Мы ему объяснили. Он сказал:
— Рад с тобой познакомиться, Хэнк, и с тобой тоже, Билл. Добро пожаловать на борт, — потом он протянул руку и дотронулся до рукава моей скаутской формы, он опять вылезал наружу: — Сынок, у тебя белье высовывается.
Я покраснел и объяснил ему, как получилось, что я ношу форму под одеждой. Он засмеялся и сказал:
— Так значит, ты нас надул и заставил все-таки ее поднять в воздух? Вот здорово, да, Сэм? Выпьете чашечку кофе?

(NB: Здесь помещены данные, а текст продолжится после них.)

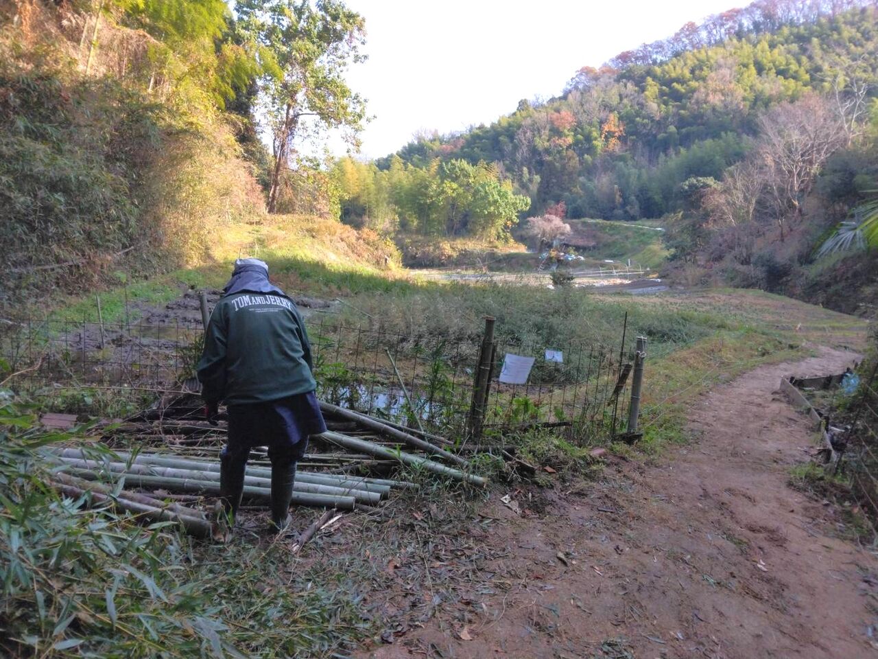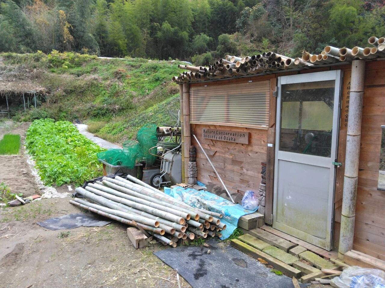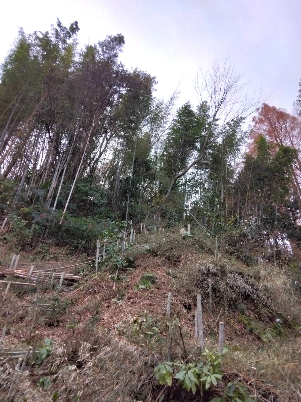 細い竹は鶏小屋の支柱にします。
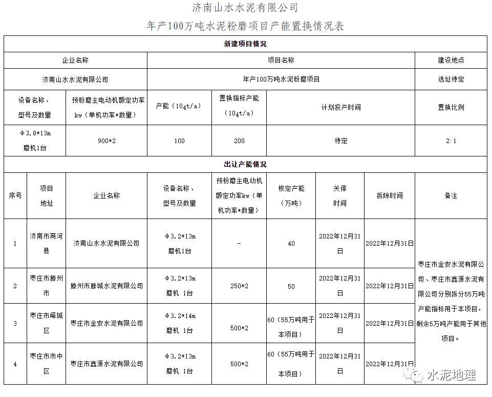 济南山水水泥有限公司拟新建一台φ3.8*13m磨机,年产能100万吨。根据《山东省人民政府办公厅关于加强“两高”项目管理的通知》(鲁政办字〔2021〕57号)、《关于印发坚决遏制“两高”项目盲目发展的若干措施的通知》(鲁政办字〔2021〕98号)和《山东省水泥粉磨产能置换实施办法》(鲁工信原〔2022〕53号)规定,企业制定了产能置换方案,现予公示,欢迎社会公众进行监督。
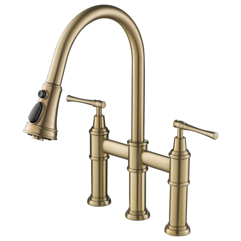 -Allyn Transitional Bridge Kitchen Faucet with Pull-Down Sprayhead in Brushed Gold
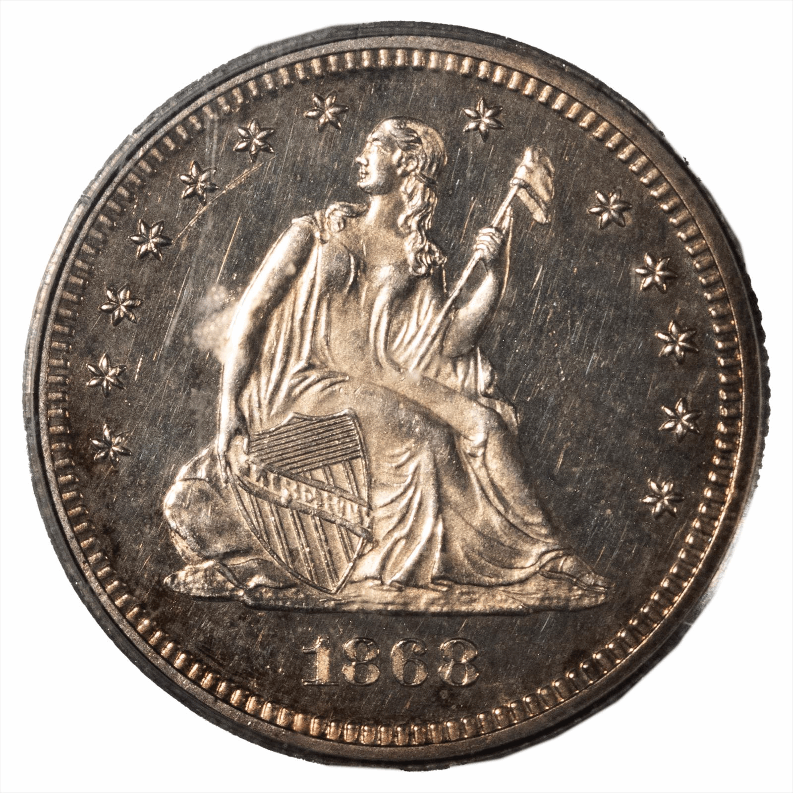 This is a PCGS graded coin. You will receive the coin pictured. You are purchasing an 1868 Seated Liberty Quarter graded PCGS PR 64 CAM. This is an excellent coin to add to your collection.

Они ели бутерброды и пили кофе — не из чашек, конечно, а из полиэтиленовых мешочков, вроде тех, которыми пользуются, когда кормят маленьких детей. На мешочках были даже надеты соски. Я сказал — нет, спасибо. Укол, который сделала мне мисс Эндрюс, помог мне, и я чувствовал себя бодрее, но не настолько хорошо. Хэнк Джонс тоже отказался от кофе.
В рубке управления совсем не было иллюминаторов, только большой телевизионный экран, вделанный в переборку, ведущую к носу корабля, но он был выключен. Я подумал, что сказала бы миссис Тарбаттон, когда б узнала, что капитан вовсе не может видеть, куда мы направляемся, и вроде бы ему это и ни к чему. Я спросил его насчет иллюминаторов. Он сказал, что они только для туристов.
— Ну что бы ты здесь делал с иллюминатором? — спросил он. — Высунул бы голову и высматривал дорожные знаки? Что нужно, нам тут и без него видно. Сэм, включи видео и покажи ребятишкам.
— Есть, капитан.
Второй мужчина подлетел к своей койке и принялся манипулировать рубильниками. Бутерброд он оставил висеть в воздухе.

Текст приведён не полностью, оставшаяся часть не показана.